Ben Goldacre is a British physician and academic, and is the author of Bad Science, an expose of bad medical practice that is based on wrong-headed science.  For the last decade he has written a terrific column by the same name for the Guardian.

Goldacre has recently turned his critical scientific eye to educational practices in Britain. He was asked by the British Department for Education to comment on the use of scientific data in education and on the current state of affairs in Britain. You can download the report here.

So what does Goldacre say?

He offers an analogy of education to medicine; the former can benefit from the application of scientific methods, just as the latter has.

Goldacre touts the potential of randomised controlled trails (RCTs). You take a group of students and administer an intervention (a new instructional method for long division, say) to one group and not to another. Then you see how each group of students did.

Goldacre also speculates on what institutions would need to do to make the British education system as a whole more research-minded. He names two significant changes;

• There would need to be an institution that communicates the findings of scientific research (similar to the American "What Works Clearinghouse.")
• British teachers would need a better appreciation for scientific research so that they would understand why a particular practice was touted as superior, and could evaluate themselves the evidence for the claim
  

As someone who has written shorter and book-length treatments of the role that scientific research might play in education, I'm very excited that Goldacre has made this thoughtful and spirited contribution.

I offer no criticisms of what Goldacre suggests, but would like to add three points.

First, I agree with Goldacre that randomized trials allow the strongest conclusions. But I don't think that we should emphasize RCTs to the exclusion of all other sources of data. After all, if we continue with Goldacre's analogy to medicine, I think he would agree that epidemiology has proven useful.

As a matter of tactics, note that the What Works Clearinghouse emphasized RCTs to the near exclusion of all other types of evidence, and that came to be seen as a problem. If you exclude other types of studies the available data will likely be thin. RCTs are simply hard to pull off: they are expensive, they require permission from lots of people. Hence, the What Works Clearinghouse ended up being agnostic about many interventions--"no randomized controlled trials yet." Its impact has been minimal.

Other sources of data can be useful; smaller scale studies, and especially, basic scientific work that bears on the underpinnings of an intervention.

We must also remember that each RCT--strictly interpreted--offers pretty narrow information: method A is better than method B (for these kids, as implemented by these teachers, etc.) Allowing other sources of data in the picture potentially offers a richer interpretation.

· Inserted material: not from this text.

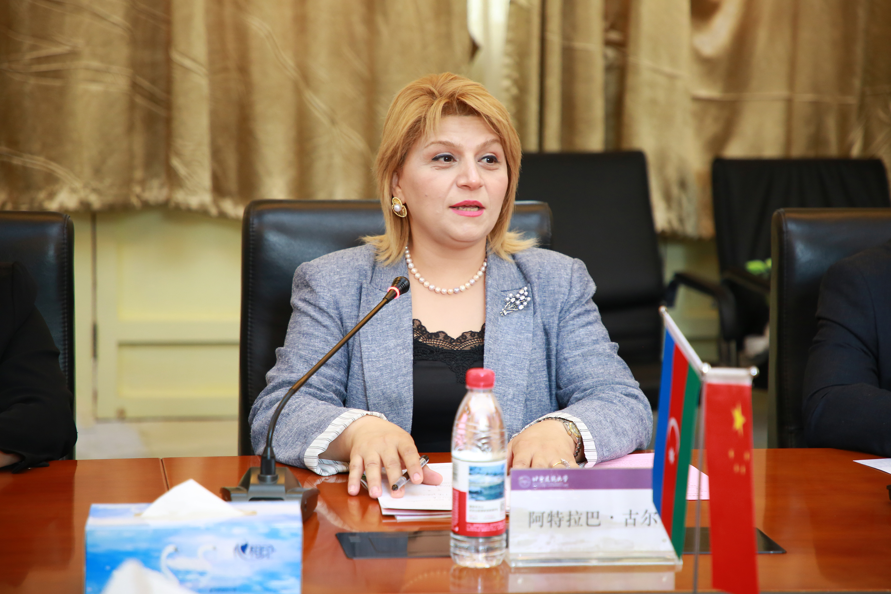 的热情接待,并转达了雅古布·皮里耶夫校长的问候。她讲到,阿塞拜疆和中国两国视彼此为优先、可靠、合作共赢的战略伙伴,有良好的合作基础,阿方高校历来重视与中国高校的合作与交流。她指出,两校国际化发展理念相同,专业发展契合、合作领域广泛, 尤其在智慧城市、绿色能源、人工智能等领域有很大的合作空间。她希望借助当下良好的发展环境与合作前景,以本次会谈为契机, 推动双方更多专业学院和科研中心的紧密交流,在学生长短期交流、教师互访、联合科研等方面开展深层次合作交流。

As a simple example, shouldn't laboratory studies showing the importance of phonemic awareness influence our interpretation of RCTs in preschool interventions that teach phonemic awareness skills?

Second, basic scientific knowledge gleaned from cognitive and developmental psychology (and other fields) can not only help us to interpret the results of randomized trials, that knowledge can be useful to teachers on its own. Just as a physician uses her knowledge of human physiology to diagnose a case, a teacher can use her knowledge of cognition to "diagnose" how to best teach a particular concept to a particular child.

I don't know about Britain, but this information is not taught in most American schools of Education. I wrote a book about cognitive principles that might apply to education. The most common remark I hear from teachers is surprise (and often, anger) that they were not taught these principles when they trained.

Elsewhere I've suggested we need not just a "what works" clearinghouse to evaluate interventions, but a "what's known" clearinghouse for basic scientific knowledge that might apply to education.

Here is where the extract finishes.